13. The method of claim 12, wherein the label comprises a description of the family hierarchy, the cluster, or the singleton HTML component.

14. The method of claim 12, wherein grouping similar HTML components into one or more clusters comprises identifying similarity between at least two identified HTML components, wherein similarity may be identified using: visual embedding, weighted property distancing, text content distancing, parent and child website application element distancing, tag distancing, shape distancing, structural similarity, parent website application element similarity, child website application element similarity, or a combination thereof.

15. The method of claim 14, wherein identifying similarity between HTML components using visual embedding further comprises visually pre-tagging corresponding website application elements.

16. The method of claim 9, further comprising using the identified plurality of HTML components and the generated website application structure of a first page of the website application to preprocess a successive page of the website application.

17. A non-transitory computer-readable medium having stored thereon computer-readable instructions executable to denoise HTML components of a website application and execute a task, using a trained generative artificial intelligence (AI) service comprising at least one trained multimodal machine learning model and at least one trained large language model (LLM), the instructions executable by at least one processor to perform operations which comprise:

generating the trained generative AI service by training, using training data comprising a set of website applications, website application structures corresponding to the set of website applications, a set of target website application elements corresponding with a task, or a combination thereof, the generative AI service to execute a task using the website application, wherein training the generative AI service comprises modifying one or more weights of one or more nodes of an artificial neural network;

receiving, at the LLM, a request associated with executing the task using the website application,

wherein executing the task comprises executing a series of steps; and

wherein executing the series of steps comprises identifying and using one or more

target website application elements corresponding with the series of steps;

processing, via the multimodal machine learning model, the website application to identify a plurality of HTML components of the website application;

generating, via the multimodal machine learning model, a website application structure using the identified plurality of HTML components; and

executing the task, via the LLM, using the generated website application structure to execute the series of steps by identifying and using the one or more target website application elements.

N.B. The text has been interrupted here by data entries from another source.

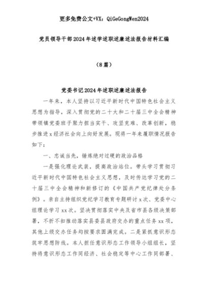 【七哥公文】2025年:(8篇)党员领导干部2024年述学述职述廉述法报告材料汇编+更多免费公文+VX:QiGeGongWen2024+更多免费公文+VX:QiGeGongWen2024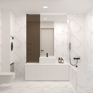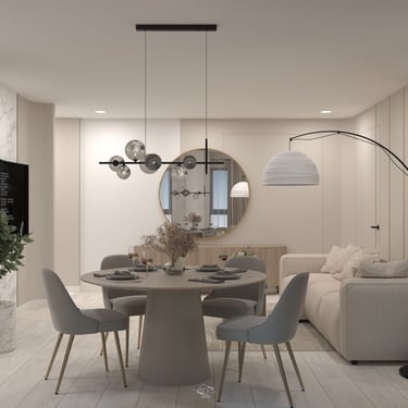 Livingul luminos se deschide fluent către dining și bucătărie, unde liniile curate, mobilierul minimalist și finisajele mate generează o atmosferă calmă și elegantă. Dormitorul păstrează aceeași direcție, folosind texturi calde și accente naturale, în timp ce băile cu finisaj marmorat adaugă o notă premium.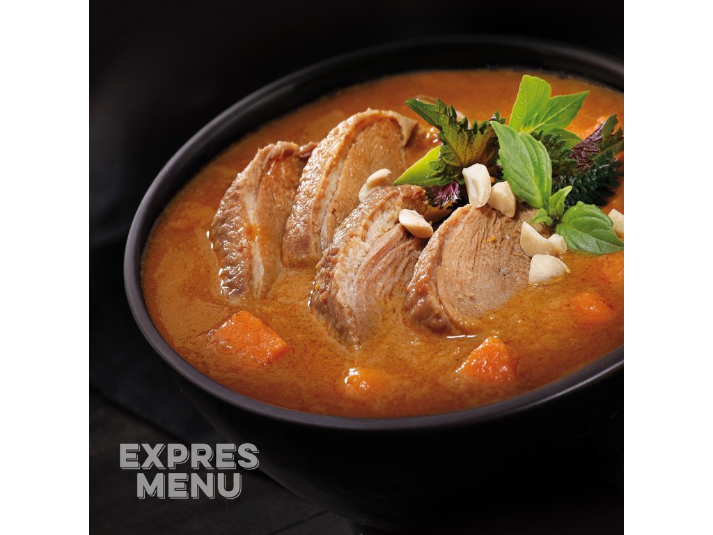 Křehká kachní prsa v jemně pálivém thajském kari s batáty, mrkví a kokosovým mlékem, dochucená tamarindovou a massaman pastou s vybranou směsí exotického koření.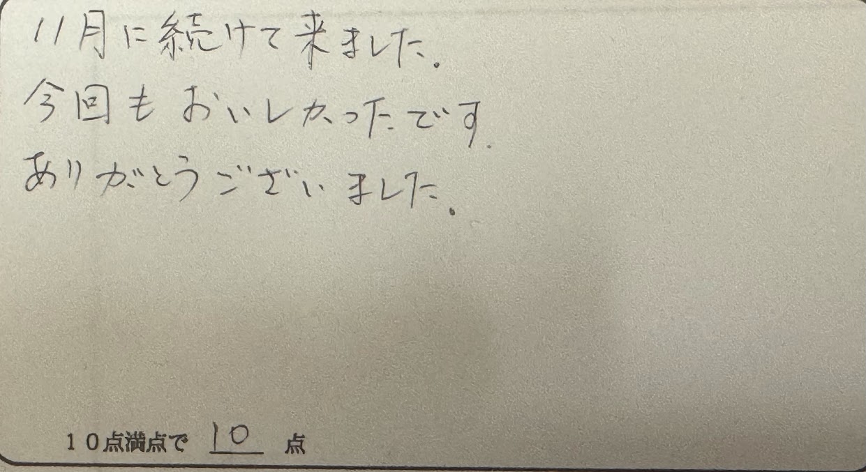 11月に続けて来ました。今回もおいしかったです。ありがとうございました。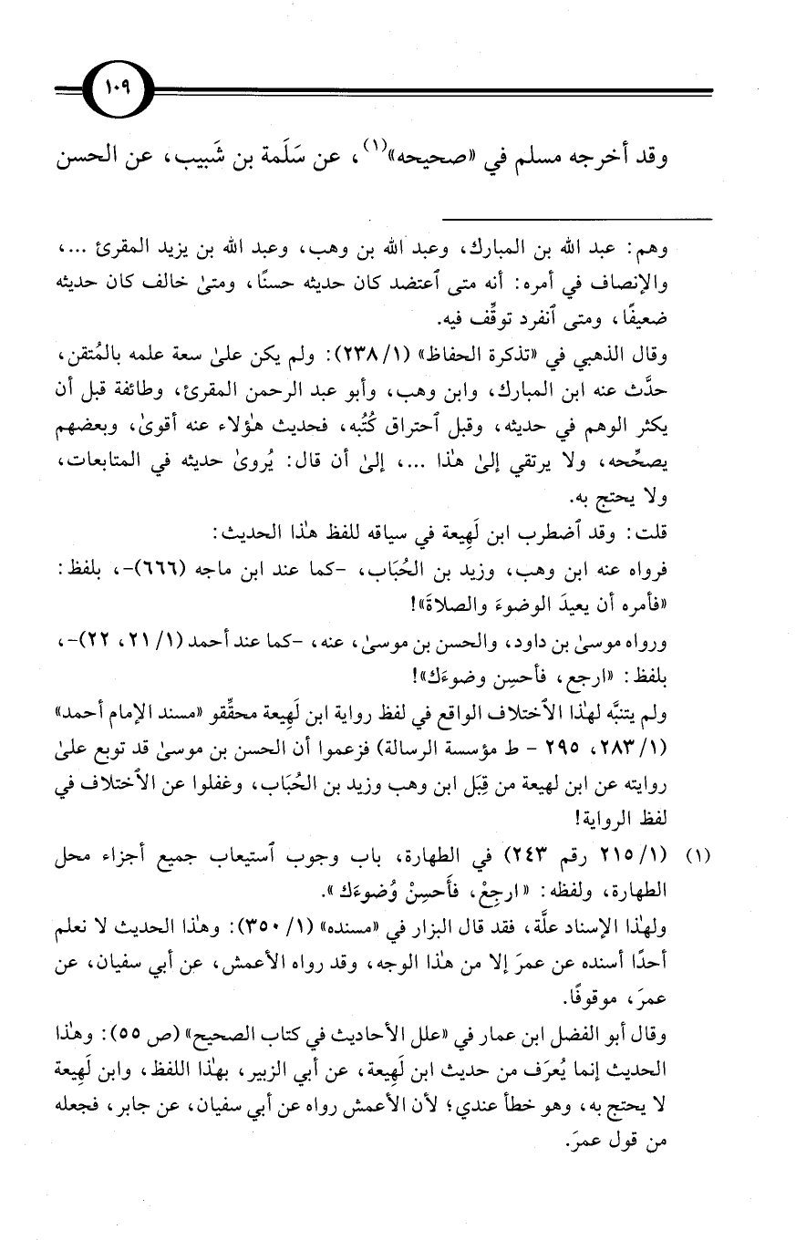(¬1) (1/ 215 رقم 243) في الطهارة، باب وجوب استيعاب جميع أجزاء محل الطهارة، ولفظه: «ارجِعْ، فأَحسِنْ وُضوءَك».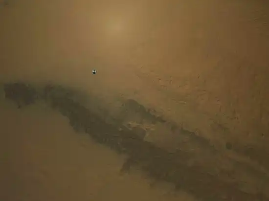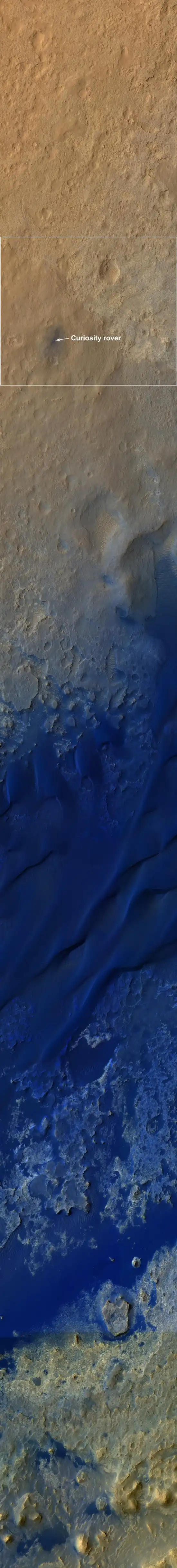 Цветовая гамма была искусственно расширена, чтобы выявить тонкие различия в ландшафте: синим показываны тёмные поля дюн.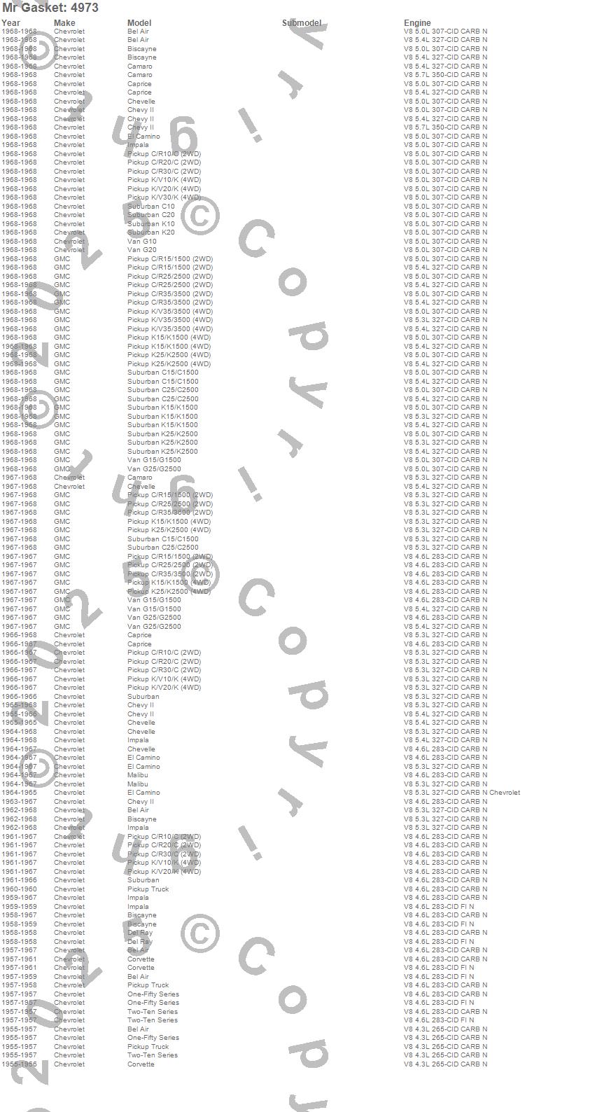 Bel Air, Biscayne, C10 Pickup, C10 Suburban, C15/C1500, C15/C1500 Suburban, C20 Pickup, C20 Suburban, C25/C2500 Pickup, C25/C2500 Suburban, C30 Pickup, C35/C3500 Pickup, Camaro, Caprice, Chevelle, Chevy II, Corvette, Del Ray, El Camino, G10 Van more…

18. The non-transitory computer-readable medium of claim 17, wherein processing the website application to identify a plurality of HTML components of the website application comprises:

identifying a plurality of website application elements of the website application, wherein the plurality of website application elements comprises HTML elements, visual elements, or a combination thereof; and

identifying a plurality of HTML components corresponding to the plurality of website application elements.

19. The non-transitory computer-readable medium of claim 17, wherein generating a website application structure comprises:

forming one or more family hierarchies based on parent HTML components and child HTML components of the identified plurality of HTML components; and

grouping similar HTML components of the identified plurality of HTML components into one or more clusters; and

generating a label for the one or more family hierarchies, for the one or more clusters, and for each singleton HTML component of a plurality of singleton HTML components.

20. The non-transitory computer-readable medium of claim 19, wherein the label comprises a description of the family hierarchy, the cluster, or the singleton HTML component.